During the Ceded Lands crisis, years before the Revolutionary War came to Georgia, a small group of Cowetas raided settler farms on the edges of Creek Country, where it met an expanding Georgia backcountry. Although the Christmas Day killings were isolated, it was because of the politics of Creek Country that they became a regional crisis. Traditions of local governance ensured that headmen from outside of the responsible Coweta community not only would deny any responsibility for the attacks but would declare their inability to discipline their wayward neighbors, even though they claimed to be the same people. The kinship-based system of justice then failed to right the situation because the kin of the killers simply refused, for one reason or another, to deliver them up to be executed, as they were bound to do by their own legal traditions. Specific headmen, attempting to exert what influence they could via those same kinship networks, also failed to find any sort of resolution. British legislators, unwilling to invade Creek Country, shut down all trade into the region in an attempt to force a solution. Those actions, however, only generated angry and divisive responses. Not all Creeks were the same, as it turned out, at least as several headmen protested, so why was everyone being punished for the actions of a single community? One headman complained bitterly that so few “mad young men should have it in their power” to involve so many “in a war with the white people,” while another declared that the offending towns alone should bear the burden of the trade stoppage and “stand for themselves.”3
The political indecision inherent in Creek Country stands in stark contrast to the decisive political nature of the Creek Nation. The difference between the two, only a generation apart, is telling. Charting the transformation from the one to the other, from the diffuse nature of Creek Country to the ordered framework of the Creek Nation, is the primary purpose of this study. It was a swift and sometimes messy transformation; the Creek Nation only emerged after Creek Country was driven to crisis. More importantly, it was a political as well as a cultural transformation, and one for which Creeks were largely responsible.

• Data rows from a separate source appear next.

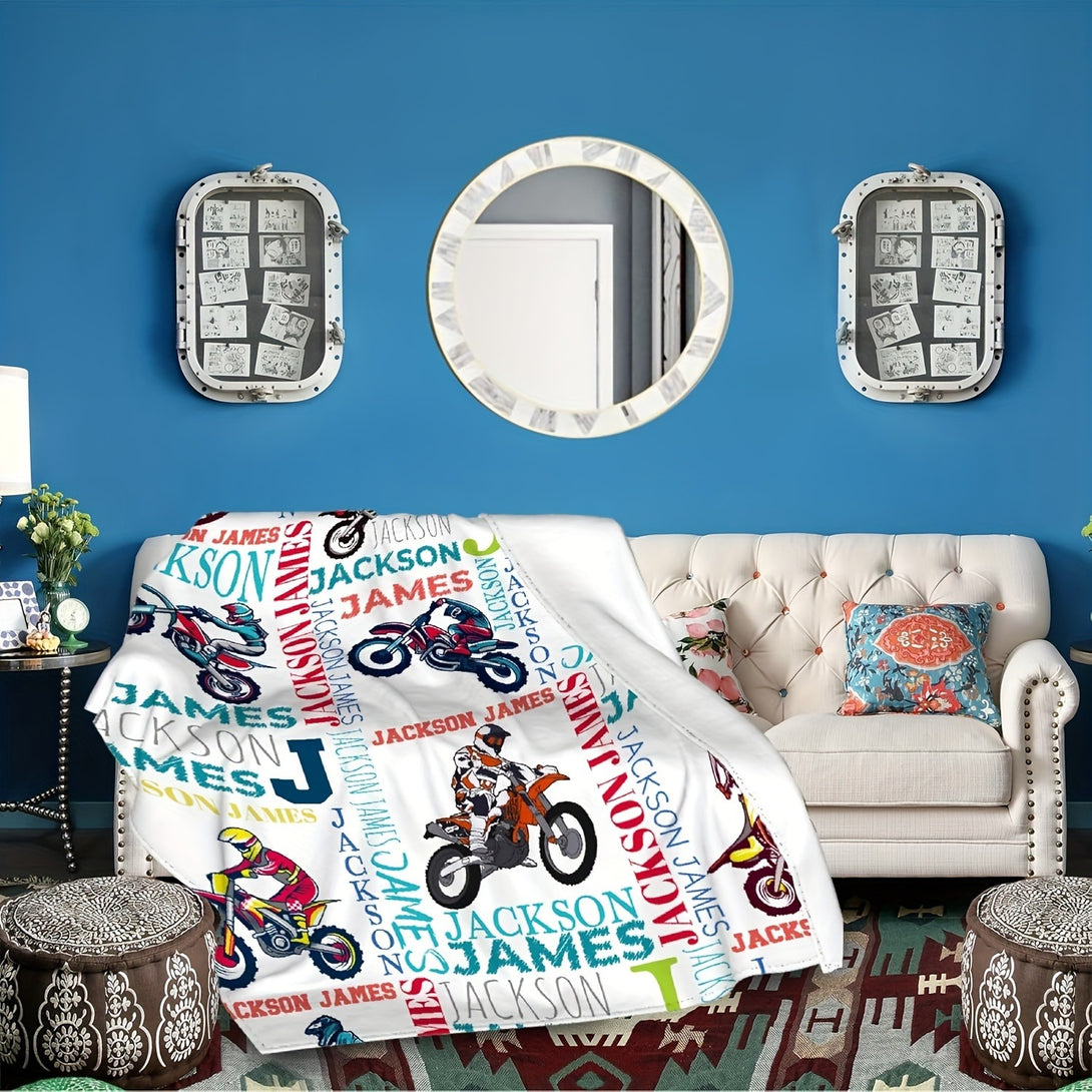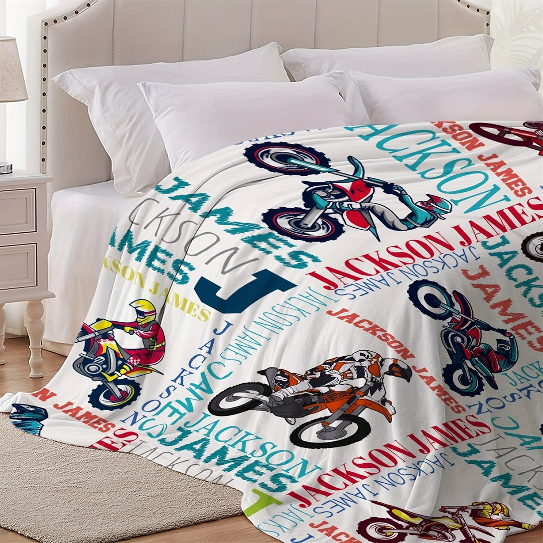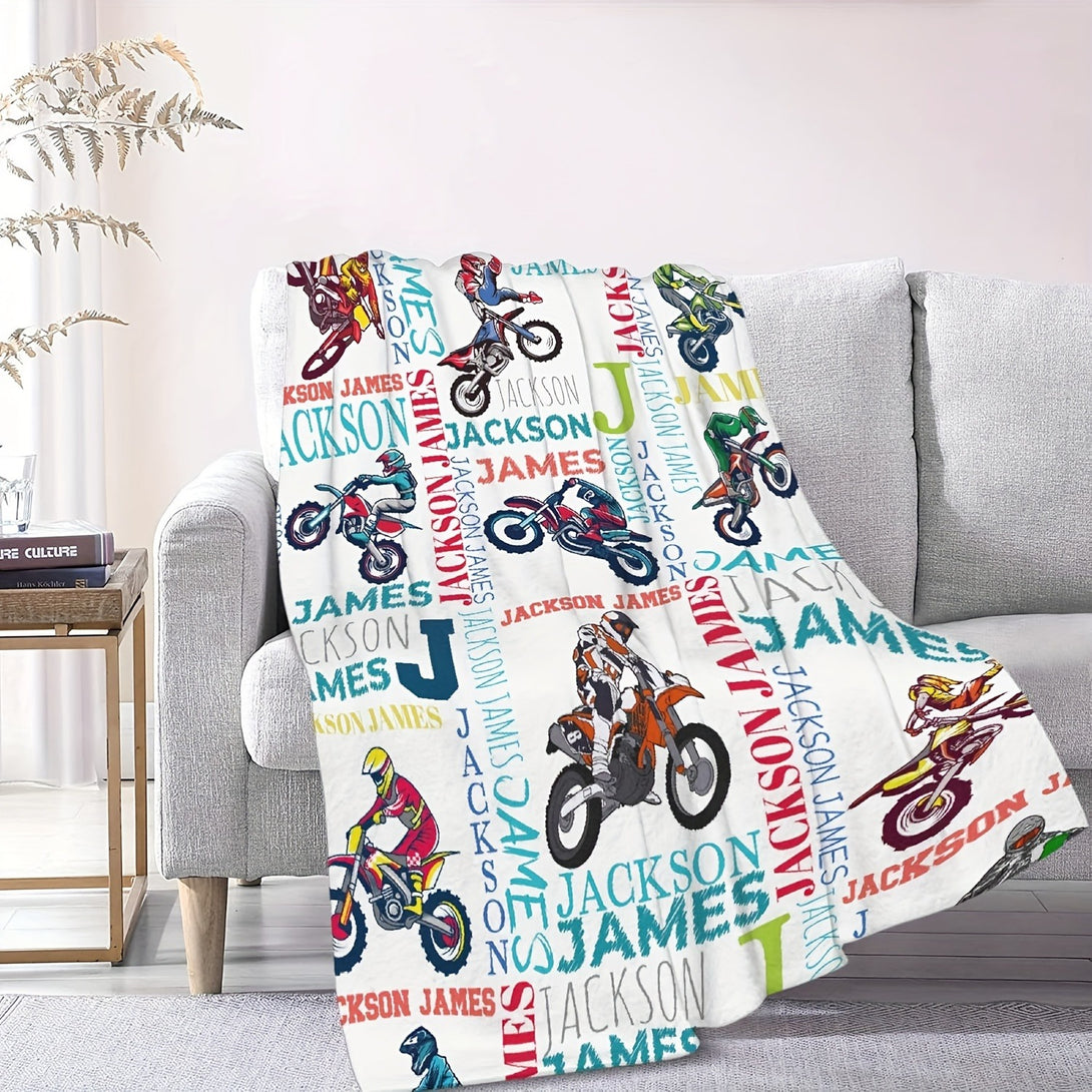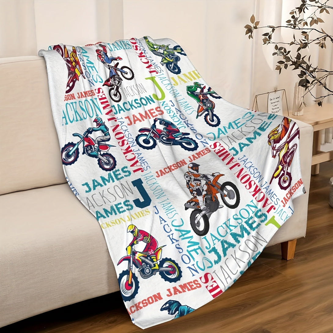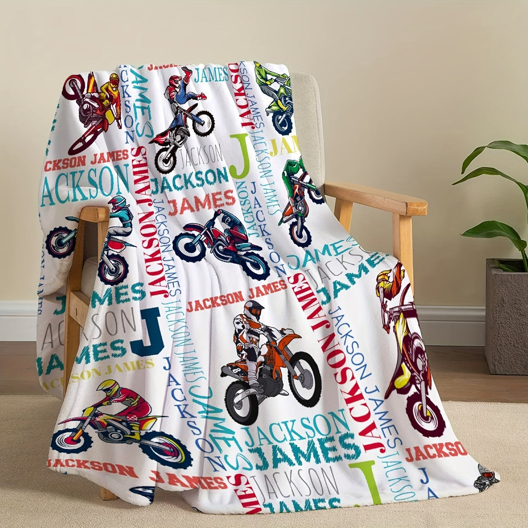 Text Customized Motorcycle Print Fleece Blanket
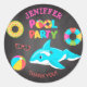 PEGATINA REDONDA FIESTA DE PISCINA INFLABLE NEON ORCA
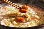 お米が柔らかくなれば、白菜、大根、ニンジンを加えて4~5分煮る。野菜がしんなりすれば油揚げ、つけダレから生麩だけを加え、ひと煮立ちさせる。
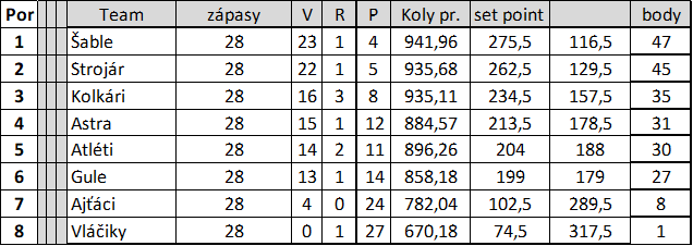 Konečné poradie po play off
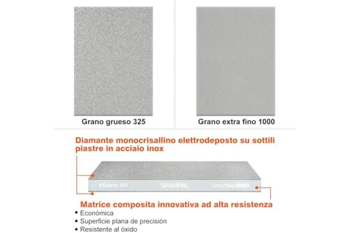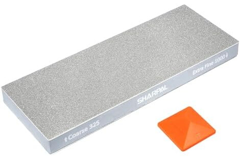 SHARPAL 168H Piedra de Afilado de Diamante Grande 201 x 75mm de Doble Grano – Grano Grueso 325 y Extra Fino 1000, Piedra de Afilar Monocristalina Profesional con Base Antideslizante y Guía de Ángulo
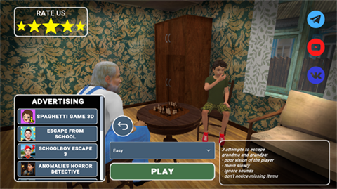 逃离家暴2中文版2026是逃离家暴系列新游戏,玩家将要进入到祖父母的家中,为了逃脱父母的命令,进入到不同的场景中进行躲藏,解开一系列的谜团,想办法逃离出去。 游戏特色 1、以家暴问题为主题,剧情基于真实案例改编,展现了家庭暴力的残酷现实,通过游戏让玩家了解家暴的危害和影响,提高公众对家暴问题的认识和关注度。 2、游戏共有八种结局和隐藏彩蛋,玩家的不同选择和行动会导致不同的结局,增加了游戏的可重复性和探索性,使玩家有更多的动力去尝试不同的玩法。 3、游戏采用3D引擎制作精细场景,如昏暗的走廊、咬吱作响的地板和突然的、令人不安的噪音等,最大程度地放大了恐惧,营造出紧张刺激的氛围,让玩家感受到每一步都充满危险。 4、设计了多个不同的场景,每个场景都有其独特的氛围和挑战,如房间、客厅、厨房、储藏间、阁楼等,玩家需要在不同的场景中寻找线索、解开谜题、躲避父母,增加了游戏的多样性和新鲜感。 逃离家暴2怎么玩 1、打开游戏,我们发现纯英文界面,我们不用担心很基础的,我们直接点击start game按钮开始游戏。 2、在这里还拥有不同的游戏难度,小编选择easy也就是简单难度。 3、成功进入到游戏中去,我们会出现在一辆车上,在这里的对话中,我们可以知晓父母为了享受双人假期时光,把我们丢给了乡下的祖父母。 4、游戏玩法非常简单, 就是在这个老登不注意的情况下,完成逃离。 逃离家暴2彩蛋攻略 1、前往房间,输入电脑密码(Andrew2002)打开电脑→右下角有个主角游戏:恐怖逃脱。 2、主角本人会变成隐身。通过移动视角来观察以往看不见的视角,比如父母在干什么,能观察到父母在不同情况的不同状态、把爸爸的电视关掉,吃东西,父母会变成疑惑的状态,可以看到家门口那对情侣的真实面容等 3、可以移动父母、改变父母的形状 逃离家暴2游戏介绍 1、潜行经过敌人并利用环境不被发现。 2、老人和其他角色会对噪音和可疑行为做出反应,所以尽量保持安静并远离他们的视线。 3、找到隐藏的物体并用它们解决问题以进一步前进。 4、收集资源,制作有用的物品并使用它们来逃脱。 5、带有恐怖元素的动作冒险,沉浸在恐惧和紧张的氛围中。 6、通过主角的眼睛体验整个世界,充分体验这场激动人心的冒险。 游戏亮点 1、第一人称视角与动态环境:采用3D第一人称视角,高度还原家庭场景细节,如凌乱房间、吱呀地板,搭配父母复杂AI行为模式(会注意房门开合、脚步声、突然巡逻),增强代入感与紧张感。 2、多结局与隐藏彩蛋:提供8种结局及隐藏彩蛋,玩家不同选择触发差异化剧情(如屋顶逃脱、安眠药迷晕父亲等),提升重玩价值。 3、现实议题融入:基于真实家暴案例改编,通过游戏机制揭露“以爱为名”的控制对儿童的伤害,引发玩家对家庭教育的深度思考。 4、情感共鸣与治愈:玩家在解谜过程中体验主角心理变化(从压抑到反抗),适合有类似童年经历者产生情感共鸣,同时呼吁社会关注青少年心理健康。 游戏优势 - 独特的潜行和捉迷藏机制:潜行经过敌人并利用环境不被发现。 - 聪明的敌人:老人和其他角色会对噪音和可疑行为做出反应,所以尽量保持安静并远离他们的视线。 - 有趣的谜题和隐藏地点:找到隐藏的物体并用它们解决问题以进一步前进。 - 库存和制作系统:收集资源,制作有用的物品并使用它们来逃脱。 - 带有恐怖元素的动作冒险:沉浸在恐惧和紧张的氛围中。 - 3D第一人称游戏:通过主角的眼睛体验整个世界,充分体验这场激动人心的冒险。 |
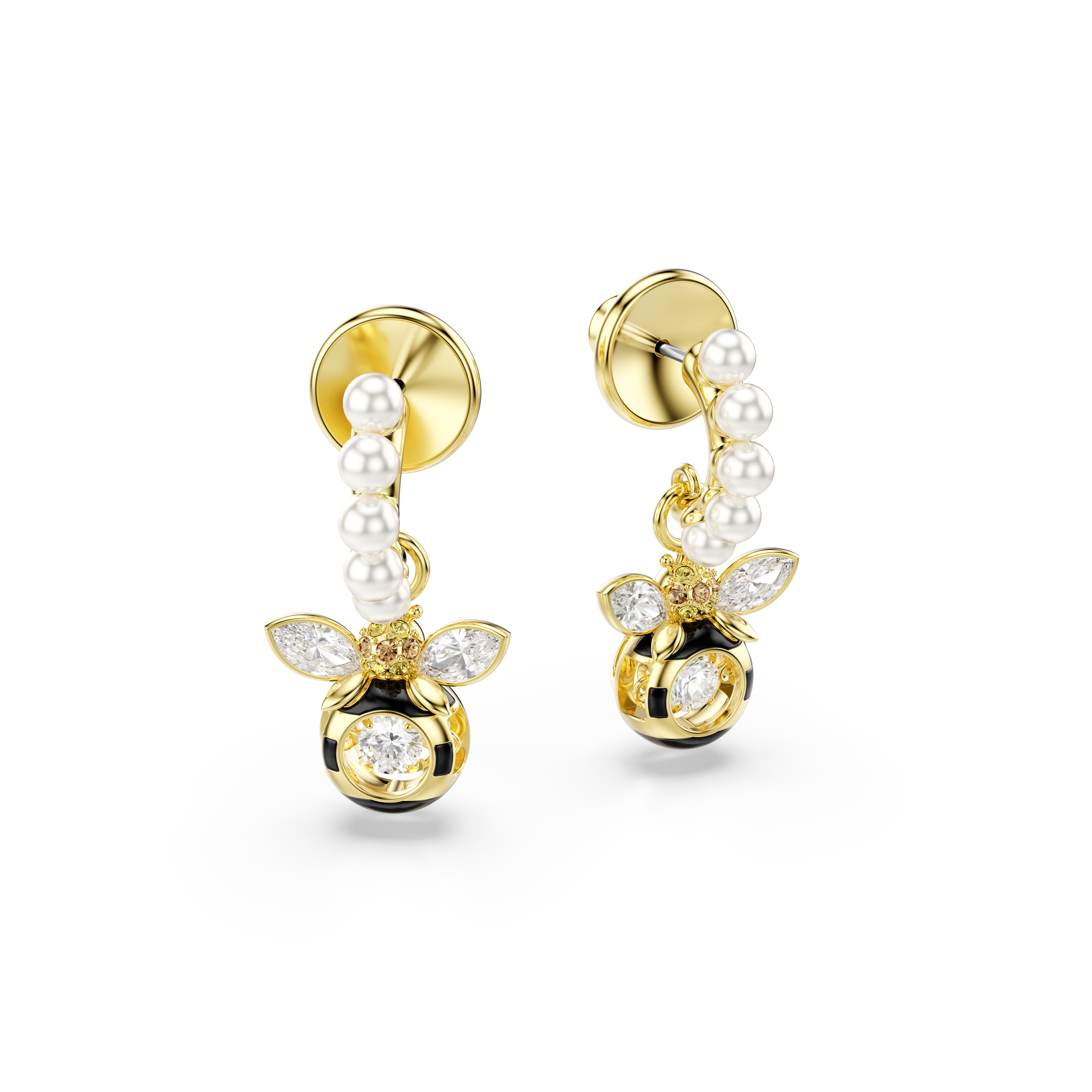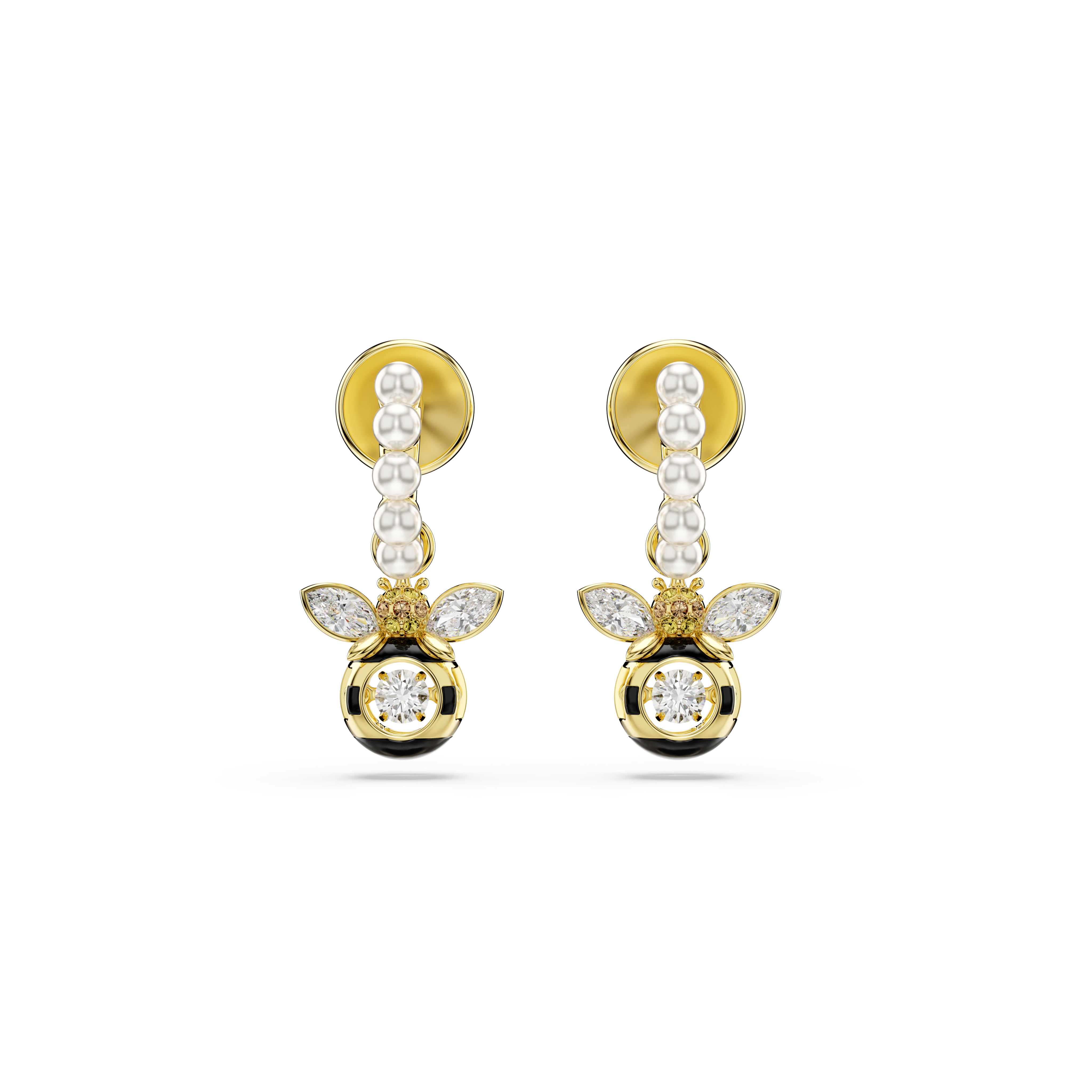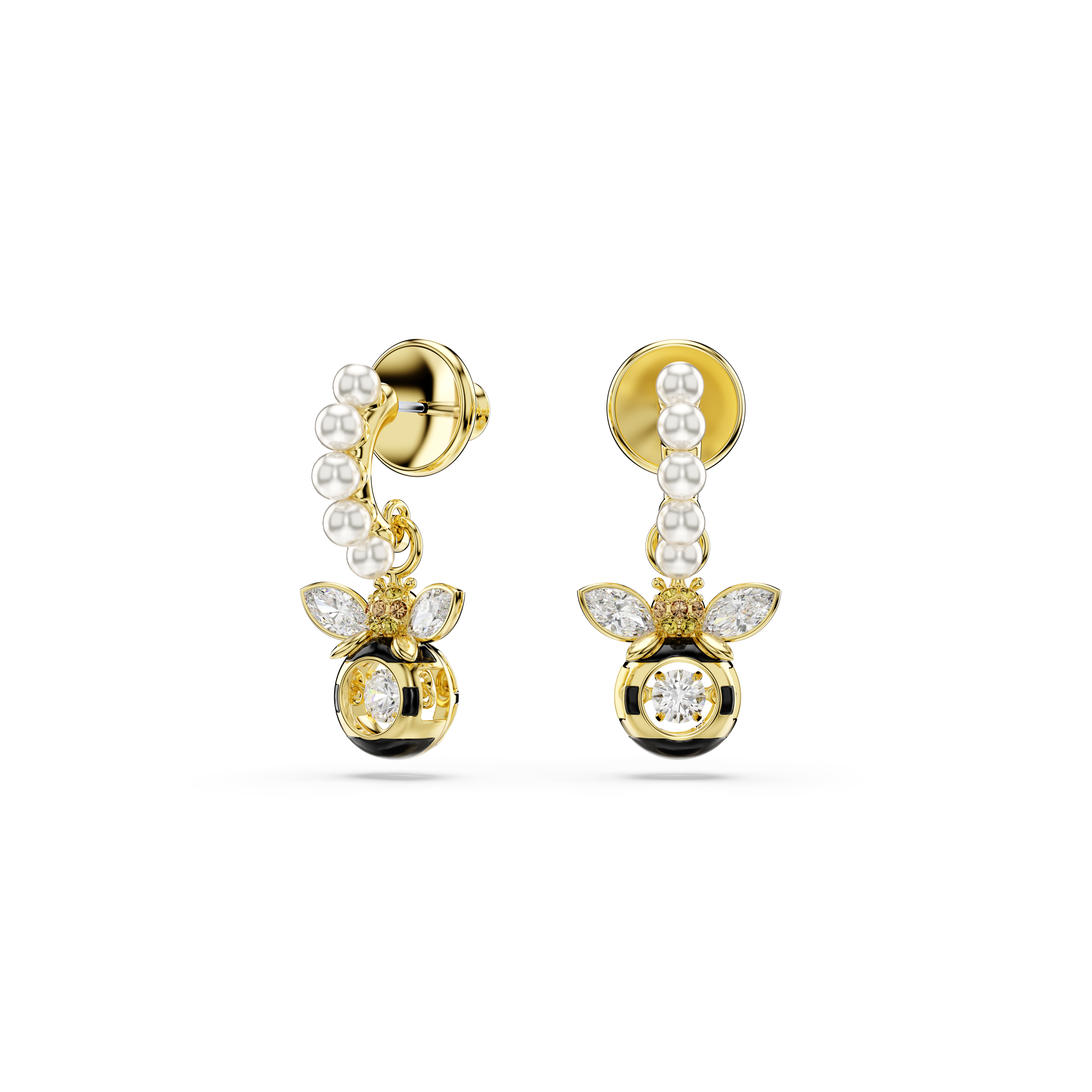 Эти очаровательные серьги Idyllia сочетают в себе две трудолюбивые пчелки, переливающиеся светом. Каждая пчелка с золотистым покрытием закреплена на миниатюрном кольце, украшенном микроскопическими кристаллами Swarovski, а в центре расположен прозрачный сверкающий камень, создающий бесконечные блики. Сочетайте их с чокером, кольцом или браслетом в виде пчелок, чтобы создать целую коллекцию украшений, вдохновленных природой.
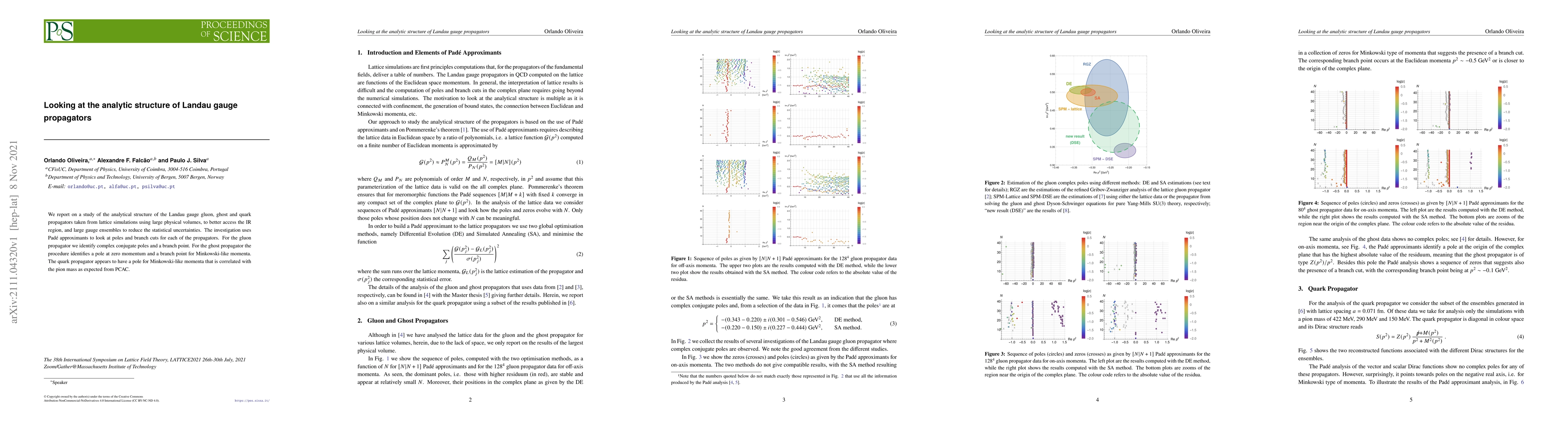 This study investigates the analytical structure of Landau gauge gluon, ghost, and quark propagators from lattice simulations, utilizing Padé approximants to identify poles and branch cuts. The gluon propagator shows complex conjugate poles and a branch point, the ghost propagator has a zero-momentum pole and a Minkowski-like momentum branch point, and the quark propagator exhibits a correlated pole linked to pion mass.

As the nature of the Ceded Lands crisis originally revealed, it was the state of Georgia, at least at first, that constituted Creeks’ principal threat. Georgia settlers, once throttled by conservative British colonial officials, were unleashed by a state government as openly contemptuous of Creek culture as they were covetous of Creek lands. Waves of settlers pushed up against Creek communities and their hunting lands, sparking confrontations that dragged Creek Country slowly but steadily into political chaos. At first particular headmen responded to that movement independently, as they had done for generations. But years of political and economic negotiations as well as overlapping outside alliances, all of which shifted over time and differed dramatically from one Creek town to the next, produced little but confusion and hostility. Neighboring headmen were soon at odds with and even violently opposed to each other, not to mention Georgia state officials or their Spanish counterparts. Almost every attempt made by local leaders to react to Georgia expansionism both during the Revolutionary War and in the years afterward only worsened things in Creek Country, producing a cacophony of Creek voices that proved tremendously destabilizing. By the 1790s the region was in crisis, and the Creek political confederacy that had existed in the Southeast for generations was collapsing.
Notes
1. Durouzeaux to Folch, October 20, 1802, PPdC, legajo 2372.
2. Chester to Hillsborough, December 28, 1771, DAR, 3:280–81.
3. Conference between Governor Sir James Wright and Upper Creek Chiefs, April 14, 1774, DAR, 4:90–95; Corkran, The Creek Frontier, 283–84.